Кристофер шел за ними, обсуждая какие-то музыкальные темы с ее отцом, который увлекался игрой на флейте, хоть больших успехов в этом не достиг. Винтер не хотела рисковать и нарываться на еще один обмен колкостями. Если уж Кристофер полагал, что первый встречный может свободно посещать мероприятия такого рода, то деликатно образумить его было задачей Рази.
Рази склонил курчавую голову и смущенно, но доверительно прошептал:
— Это потому, что он действительно идет на пир!
Он чуть отстранился, чтобы понаблюдать за ее реакцией. Винтер попыталась ничем себя не выдать, но это не удалось, и он тихо рассмеялся от чисто детского ликования:
— Это чертовски досадит лордам!
Винтер ужаснулась:
— О, Рази, нет! Только не говори, что он будет сидеть за столом с лордами! Его же отравят!
Рази поперхнулся:
— Даже не шути такими вещами, сестричка. Нет, последние четыре приема он сидел за общинным столом с простолюдинами. Великая честь.

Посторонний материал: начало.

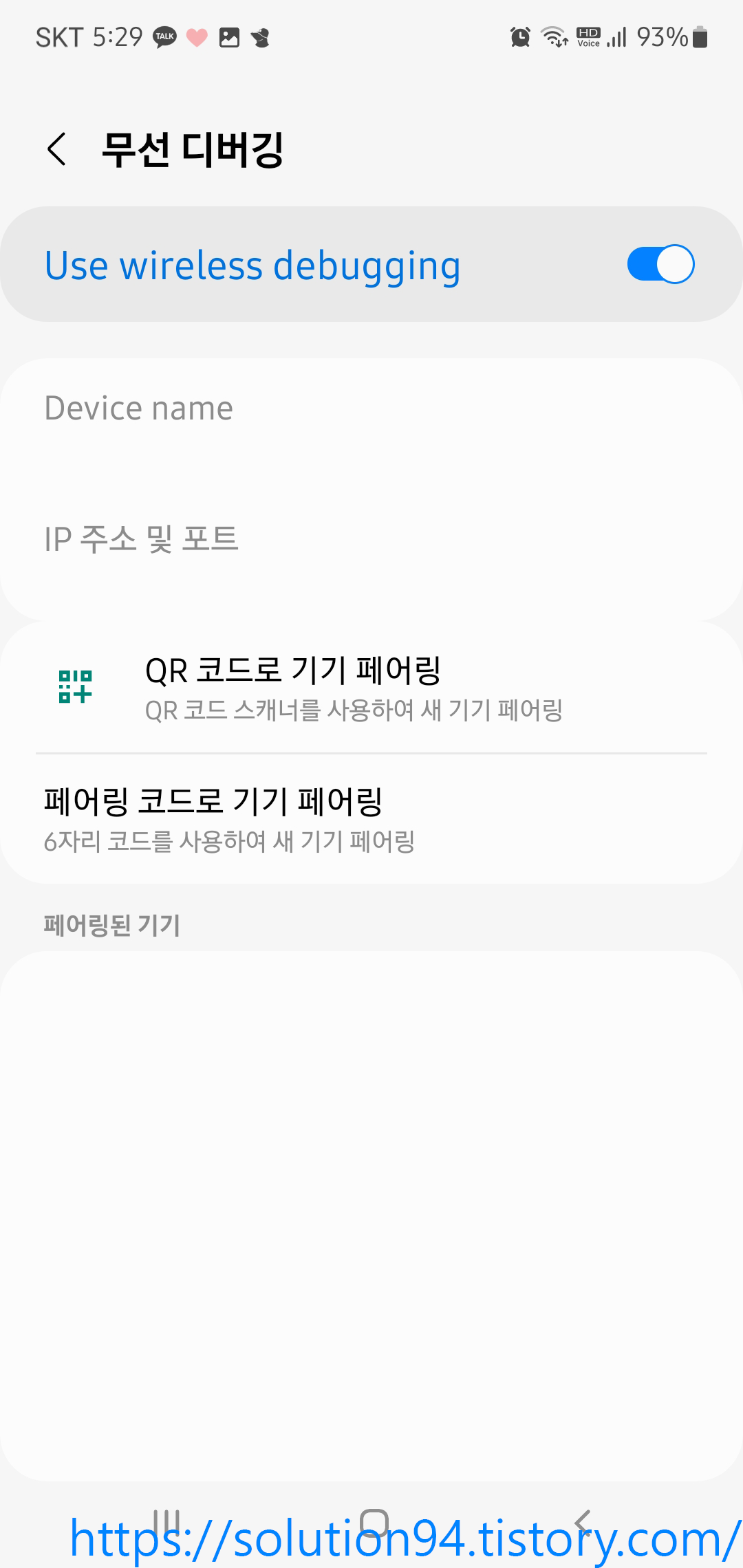 이제 연결하려는 모바일 기기의 IP와 Port, 페어링 코드가 필요하기 때문에 기기의 개발자 옵션에서 '페어링 코드로 기기 페어링'을 눌러서 값들을 확인한다.
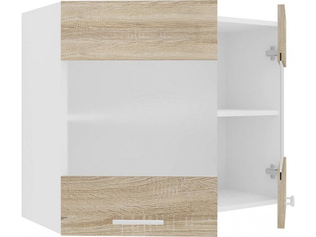 Prostornou horní kuchyňskou skříňku VCM zdobí 2 dvířka v provedení sonoma dub s výřezem matného skla. Má jednu přídavnou polici a uvnitř nabízí spoustu úložného prostoru, který se v kuchyni vždy hodí.
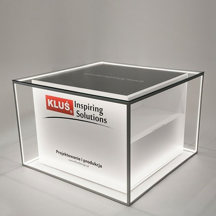 Der KLUŚ Ausstellungstisch ermöglicht eine einfache, attraktive und effektive Präsentation von Produkten. Der Tisch ist mit einer Elektroinstallation, mit der Möglichkeit des Anschlusses an eine 230V-Steckdose, ausgestattet.
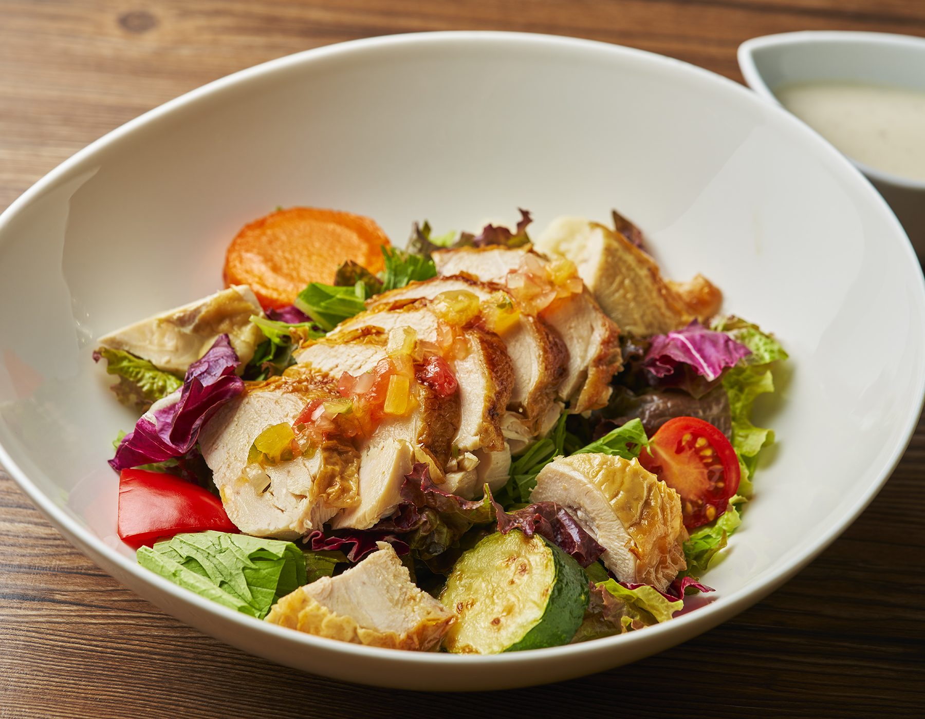 5種類のハーブと野菜に長時間漬け込み、専用のロティサリーグリルで丁寧にじっくりと焼き上げるロティサリーチキンをはじめ、シェフのこだわりが詰まった料理やパティシエのアイディア溢れる季節のスイーツなど、バラエティ豊かなメニューをお楽しみください。
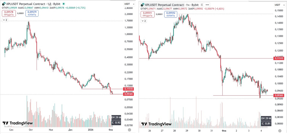 Вчера была еще сделка в шорт по рекомендации, по монете XPL. Предпосылки: Решил в этот раз зайти не на активности по уровню, а с верхней границы локального диапазона, что бы поставить более маленький стоп. Потом увидел, что активность в стакане упала и выскочил по рынку, решив «перезайти». Но, свои скальперские +1,47% взял и на этом)) Перезашел через 10 минут уже на локальном пин-баре. И решил подольше «постоять в сделке» и посмотреть, что будет. Как обычно, стоп перенес в «безубыток», сразу после обновления лоя, чтобы не рисковать. Через четыре часа увидел, что цена «запилила» и всё-таки закрыл половину позы. Выключил компьютер. Оставил сделку жить своей жизнью – с одной стороны безубыток, с другой – свободная зона цены! Включил комп утром и увидел, что хорошего движения в шорт не произошло и сработал ордер на безубыток. Сделка продлилась 8 часов 6 минут. Результат: +2,12% . Итого: 3,59% за два входа. Результат положительный, но не тот, что ожидал. Продолжаю эксперимент, п
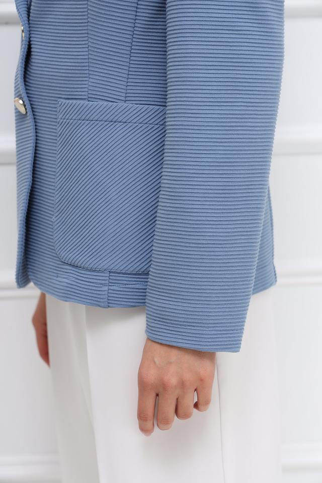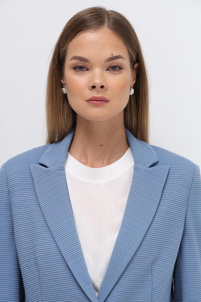 Жакет имеет классический крой с лацканами, застегивается на две пуговицы в тон изделия. Два функциональных кармана с клапанами добавляют практичности. Текстурированная ткань придает жакету особый шарм и визуальный интерес.
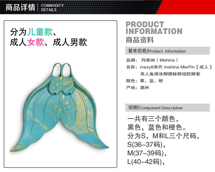 Основываясь на качеством и дизайне продукта, и концепции, стоящей за ним, MFI не только использует ноги русалки Махины во всех курсах русалки.И призовите всех русалок и дайверов, чтобы выбрать этот продукт, который несет любовь между людьми и морем.
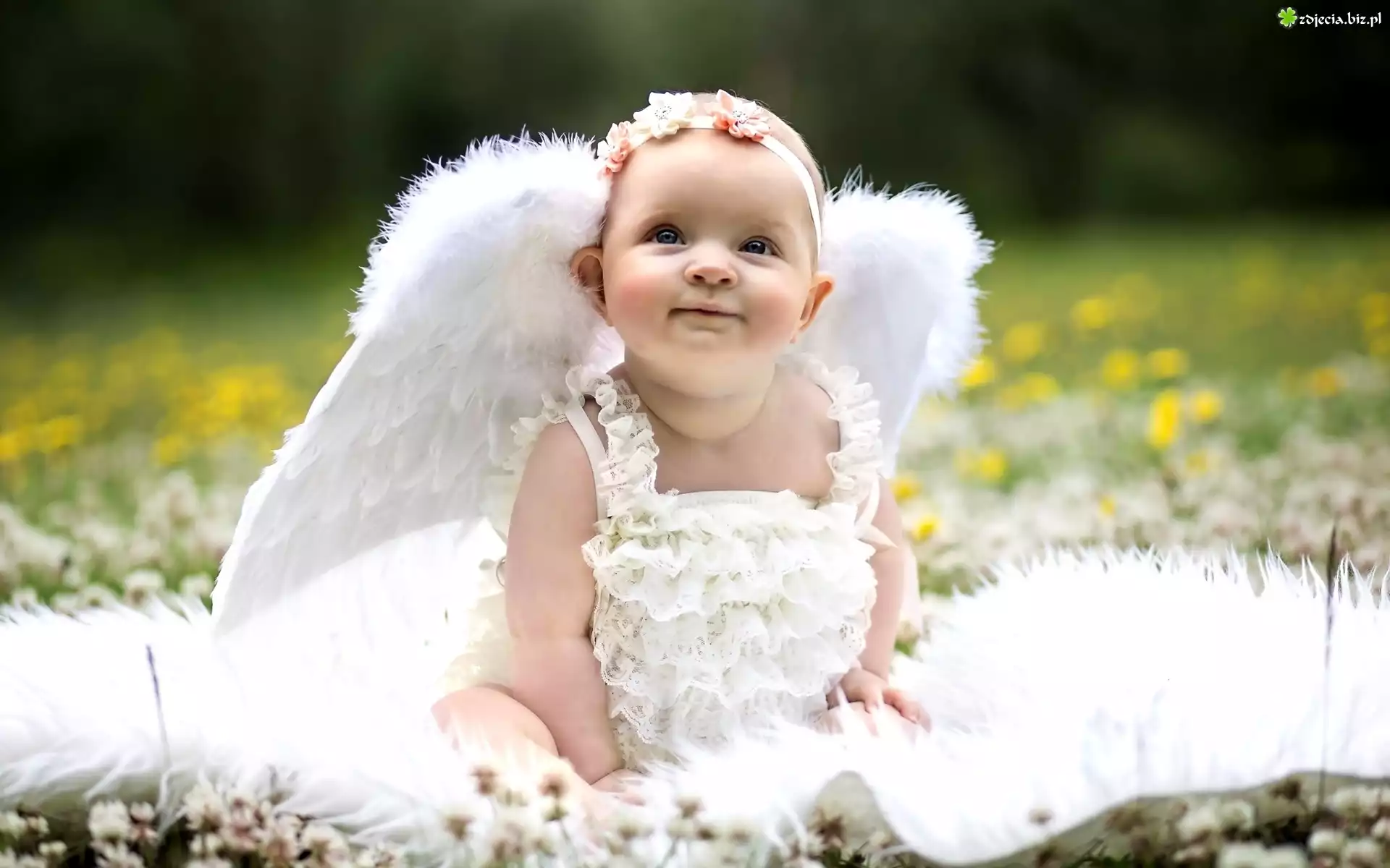 Zdjęcie Łąka, Mała, Dziewczynka, Sukienka, Skrzydełka, Aniołka
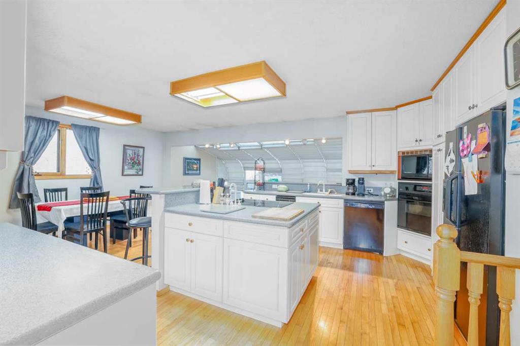 ****OPENHOUSE SATURDAY NOVEMBER 15,2024 2-4PM**** This well-located split-level home offers a functional layout, generous room sizes and valuable parking features including a 3-car garage and an RV pad. Hardwood floors on the main level add warmth and durability, while a bayed living room brings in natural light for everyday comfort. A well-laid-out kitchen provides ample cabinet space, a centre island with a raised breakfast bar and clear sightlines into the dining room to support easy mealtimes and relaxed entertaining. A glass-enclosed sunroom sits just off the kitchen for quiet morning coffees or extra space to unwind in any season. Upstairs, a primary bedroom features patio sliders for direct access to the backyard, creating a convenient indoor-outdoor flow. 2 additional bedrooms and a 5-piece bathroom complete this level with flexibility for families or guests. A spacious lower-level rec room provides room for movies, games and casual gatherings, while French doors open to a den perfect for a quiet work or hobby space. A 4-piece bathroom on this level adds further convenience. The basement remains unfinished, providing abundant storage and future development potential. Outside, an expansive grassy yard delivers space for kids and pets to play and a deck off the primary bedroom enhances outdoor living options. A triple car garage plus RV parking to the side creates outstanding functionality for vehicles, hobbies and equipment. This home is set in the walkable community of Queensland where residents enjoy quick access to both the Bow River and Fish Creek Park, along with nearby shopping at Deer Valley Market Place and Deer Ridge Shopping Centre. Local schools, playgrounds, green spaces and an active community centre with year-round programs contribute to the everyday convenience and family-friendly feel of this established southeast neighbourhood.
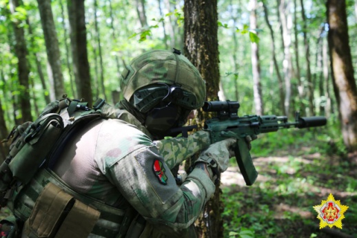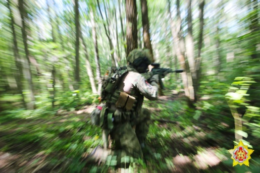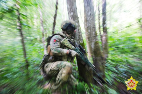 Во время отработки элемента «бой в лесу» десантники 103-й Витебской отдельной гвардейской воздушно-десантной бригады работали в паре, уничтожая цели из автомата и пистолета, перемещаясь от укрытия к укрытию. Главное требование – не терять из виду напарника, движения не должно прерываться ни на мгновение. Лишь небольшие короткие остановки.
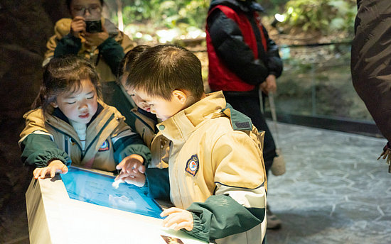 “媽媽?zhuān)憧催@棵樹(shù)上面也掛了牌子。”一大早,開(kāi)化縣實(shí)驗(yàn)幼兒園的小朋友們來(lái)到古田山探索自然的秘密。小朋友與家長(zhǎng)沿路而上,檵木、浙江大青、赤楊葉等植物被一一記錄在研學(xué)手冊(cè)上,有的小朋友還手持放大鏡觀察植物的脈絡(luò)紋理,將自己喜歡的樹(shù)葉記錄下來(lái),剪出形狀。“今天很開(kāi)心,我看到了喜歡的楊梅樹(shù),還撿到了鵝卵石。”一個(gè)小朋友興奮地歡呼到。結(jié)束室外活動(dòng),孩子們與家長(zhǎng)來(lái)到了錢(qián)江源國(guó)家公園科普館,近距離觀察野生動(dòng)植物標(biāo)本,學(xué)習(xí)錢(qián)江源國(guó)家公園動(dòng)植物相關(guān)知識(shí)。

— Конечно, великая честь, — пробормотала она, оглядываясь на предмет разговора.
Юноша в счастливом неведении что-то описывал ее отцу, размахивая руками. Лоркан рассмеялся в ответ на какую-то удачную фразу. Кристофер демонстративно скривил бровь в шутливой обиде, а затем продолжил нести свою несусветную чушь. Винтер состроила гримасу:
— Вот уж правда великая честь!
— Он говорит, эта чертова королевская морока хуже занозы в заднице, — сказал Рази со вздохом. — Господи, Вин, а что мне оставалось, кроме как согласиться? Я просто ненавижу все это… после стольких лет свободы! Отец говорит…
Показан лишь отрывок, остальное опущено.